出光興産は、欧州EN規格に適合したリニューアブルディーゼルを海外から調達し、独自の規格で品質を担保した商品「IRD」として、建設現場における機械向けなど公道以外での使用に限定して供給してきた。本実証では、出光興産が名鉄エリアパートナーズを通じて名鉄バス津島営業所に「IRD」を供給し、名鉄バスが「IRD」を使用した路線バス1台を運行する流れ。
本実証を通じて3社は、「IRD」を使用したバスが支障なく運行できることを確認するとともに、燃料の調達から供給、運用、メンテナンスまでのプロセスを総合的に検証する。
■運行概要と各社の取り組み
運行する営業所は、名鉄バス津島営業所で、運行台数は近距離高速バス1台(運転士を含む定員66名)、運行時期は2025年4月1日(火)~2026年3月31日(火)の予定だ。運行系統は名古屋・長島線(名鉄バスセンター~長島温泉)の予定で1日最大4往復を運行する。CO2削減量は推定で年間約69トンを見込む。
出光興産は、多様で地球環境にやさしいエネルギーの安定供給に向けた取り組みを進めている。「IRD」の普及を推進するため、安定調達や品質の担保に加えて出光グループの特約販売店ネットワークを生かしてラストワンマイル(使用する現場を含む最後の区間)までの供給網の構築に取り組む。「IRD」の公道での使用は全国初であり、本実証を通じて公道における「IRD」使用の課題を整理するとともに、今後はあらゆる用途での軽油燃焼におけるCO2削減ニーズにこたえたい考え。
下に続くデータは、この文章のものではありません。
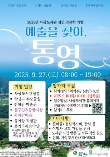 (포탈뉴스통신) 부산 사상구는 사상도서관에서 오는 9월 27일 통영으로 떠나는 성인 인문학 기행을 운영한다고 밝혔다.

一方で、名鉄バスは、カーボンニュートラルへ向けた取り組みとして、ハイブリッドバスや電気バス・燃料電池バスの導入をすすめている。さらなる試みとして、今回「IRD」をラインナップに加え、脱炭素社会実現に向けた取り組みを強化し、地域社会の持続的な発展に貢献することを目指す。
名鉄エリアパートナーズは、名鉄グループにおける様々なCO2排出削減商品の提案と低炭素型燃料の供給を行っている。今後も使用済み食用油の再生・循環等によるエネルギーの地産地消を推進する。
出光興産、名鉄バス、名鉄エリアパートナーズの3社は、持続可能なエネルギーの普及とCO2排出量の削減に向けて、引き続き連携を強化し、社会全体の環境負荷低減への貢献を目指したい考えだ。